# Using hemp wick to light your cigars?



## Stogin (Dec 1, 2010)

Ok, hear me out. I know this is what those dirty hippies use to light their magical oregano so they can bask in the organicness of nature and all that. But has anybody used it for lighting cigars, or pipes? If it's as clean as they say, it sounds like it'd be a great way to light or touch up your cigar/pipe without any sort of butane/lighter fluid funking up the taste. I ordered some to try out with my cigars and RYO's and was just curious if anybody had used it and what you thought.


----------



## talidin (Aug 4, 2011)

Relax mon give it a try and let us know how it goes, maybe a review?:w


----------



## Kingtut82 (Dec 1, 2012)

Yes please do let us all know how this works out for you.
It sounds hilarious though lol


----------



## CigarGoogler (Sep 23, 2012)

Excellent question. To test it out, I threw some munchies out on the walk and pushed over the first hippy to take the bait. I tried it with a Macanudo Maduro ascot (4x32), assuming the smaller vitola gave the best chance of any residual flavor transfer to become obvious. I was worried that the wax coating would color the initial draws. 
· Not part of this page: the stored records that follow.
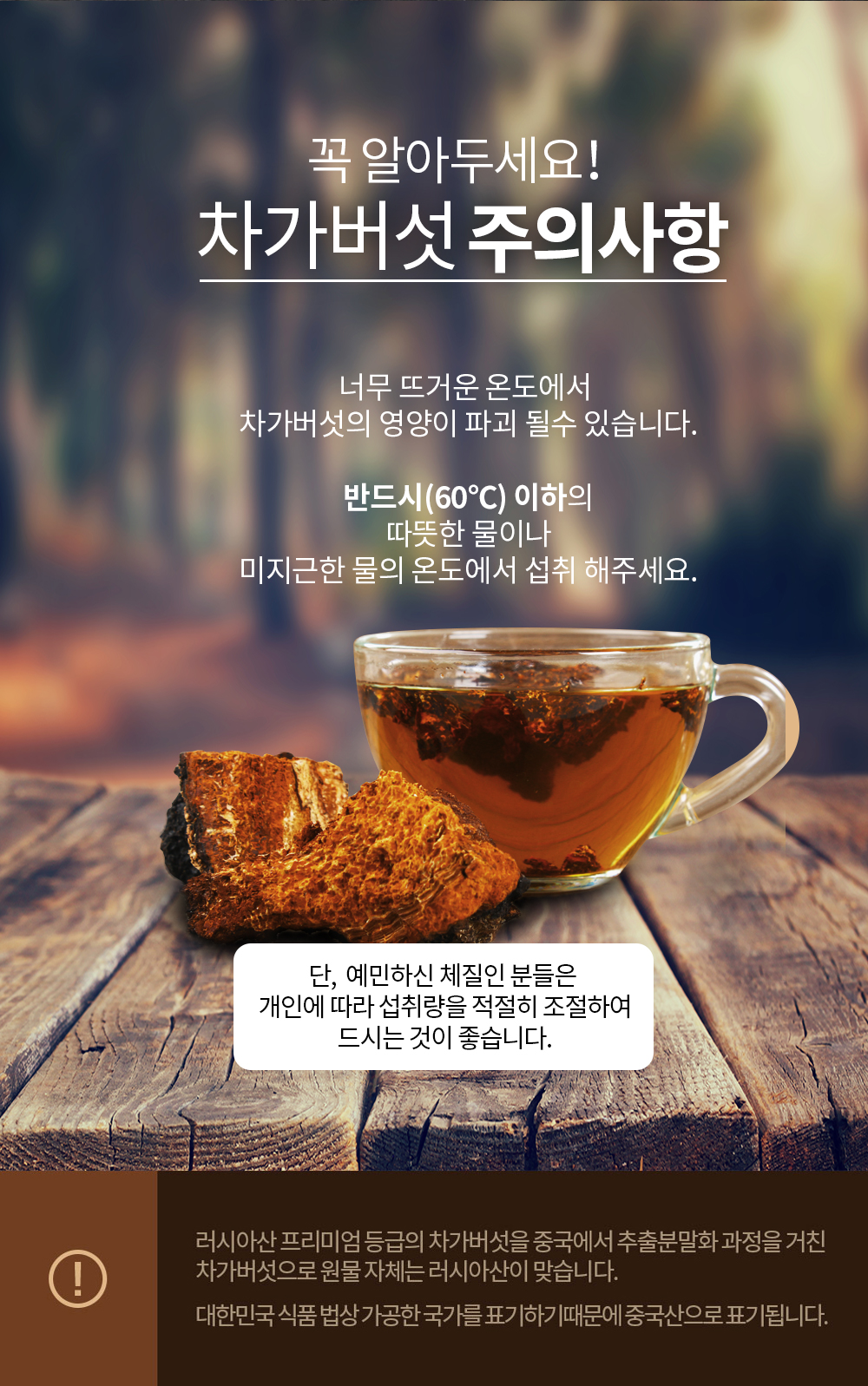 - Main ingredients/Content (Ingredient origin): Chaga mushroom extract 100% (Origin: China)
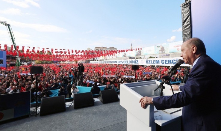 Terörsüz Türkiye için her adımı ölçüp biçip olan göre hareket ettiklerini ve Türkiye’nin ehil kadrolar tarafından yönetildiğini vurgulayan Erdoğan; "İkinci Dünya Savaşı sonrasında kurulan küresel nizam kökten çatırdıyor. Yıllardır konforlu bir coğrafyanın tadını çıkaran ülkeler, ilk defa bizim yıllardır uğraştığımız meselenin çok küçük bir kısmıyla burun buruna gelmeye başladılar. Yaptığımız eleştirilen artık Batı dünyasında da karşılık bulduğunu görüyoruz. Bugün Batılı liderler sistemin sorunlarından bahsediyor. Bizi acımasızca eleştirenler bugün bize hak veriyorlar. Aynı durum Suriye için de geçerlidir. Oradaki mazlumlara sahip çıktığımız için ‘Türkiye orta doğu bataklığına saplanıyor, yalnızlaşıyor’ dediler. Suriye’de zalim rejim devrildi. Türkiye’nin çok yakın dostu bir hükümet geldi. Ülkemizin de güçlü desteğiyle Suriye hızla toparlanıyor. 13,5 yıllık çatışmaların ardından güvenlik ve istikrar yeniden sağlanıyor. Terör örgütleri Suriye rejimi tarafından yavaş yavaş çıkartılıyor. Türkmen kardeşlerimiz aynı şekilde yeni yönetimde çok önemli görevler üstleniyor. DEAŞ denilen terör örgütü ile mücadele eskisinden daha güçlü, kararlı hale geliyor. Bölgemizde her türlü terörün kökü kurutuluyor. Ülkemiz için endişe kaynağı olan sorunlar birer birer çözüme kavuşuyor. Halep’te, Hama’da, Afrin’de, İdlib’te milyonlar cıvıl cıvıl Türkçe konuşuyor. Türkiye’yi konuşuyor. Bize hayır dualar ediyor. İnşallah çok daha iyi olacak. Suriye’nin kuzeyindeki tehdit ortadan kalkınca, Suriye bölgede refah alanına dönüştükçe, hepimiz istifade edeceğiz. Bunun için önce 86 milyon olarak birbirimize kenetleneceğiz. Hep beraber Türkiye olacağız. Unutmayın İslam kardeşliği ortak paydasında bölgedeki halklarla bir araya geleceğiz. Sabırlı, soğukkanlı, oyuna gelmeyecek, fitne ateşine karşı uyanık olacağız. Kutuplaşma hem bize hem bölgemize acıdan başka bir şey getirmez. Sadece gözyaşı getirir. Hükümet olarak, AK Parti ve Cumhur İttifakı olarak ne yaptığımızı çok iyi biliyoruz. Terörsüz Türkiye sürecinde attığımız her adımı ölçüp biçip ondan sonra harekete geçiyoruz. Çok zorlu süreçleri çok başarılı bir şekilde yönettik. Şundan milletimiz emin olsun. Türkiye ehil kadroların elindedir. Rabbim bizi hizmet yolundan ayırmasın" dedi.
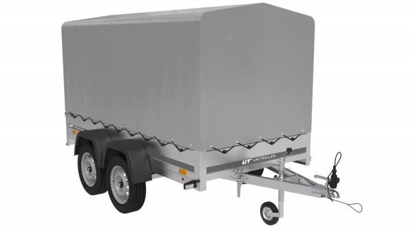 GARDEN TRAILER 264/2 Remorque KIPP conçue pour le transport de matériaux, à deux essieux . La roue de support, roue jockey permet une manœuvre confortable de la remorque non reliée à la voiture. Le cadre H-1100 avec une bâche grise protège vos marchandises contre les intempéries, permettant un transport en toute sécurité même en cas de pluie ou de soleil intense. De plus, la couverture crée un espace supplémentaire qui vous permet de transporter plus de marchandises. La durabilité de la remorque est assurée par un cadre porteur en acier de construction à haute résistance et une surface de transport en contreplaqué imperméable de 9 mm d’épaisseur.
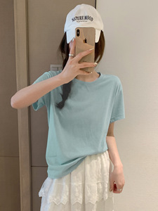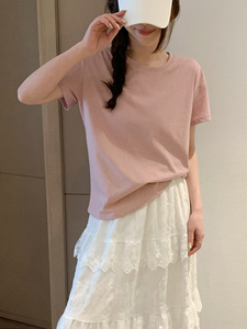 YING+十三行 简约纯色T恤薄款雪花棉百搭短袖上衣女夏M18-205净版

My take: Herf's up, dude! Nothing but tobacco and, unlike some matches, you get plenty of even burn time to toast and fire that foot!


----------



## Cypress (Jun 27, 2007)

Pretty soon Colorado will be lighting up more than a hemp wick to light cigars.


----------



## Stradawhovious (Oct 17, 2012)

CigarGoogler said:


> Excellent question. To test it out, I threw some munchies out on the walk and pushed over the first hippy to take the bait.


I bet that didn't take long in your 'hood. :lol:


----------



## Kingtut82 (Dec 1, 2012)

Not only Colorado Washington state too.
and yea lol


----------



## oletimer54 (Feb 28, 2010)

yeah i use it, BEELINE is the brand i use. dont use it all the time. but have a huge roll left over from when i was a burnout. clean taste for sure.


----------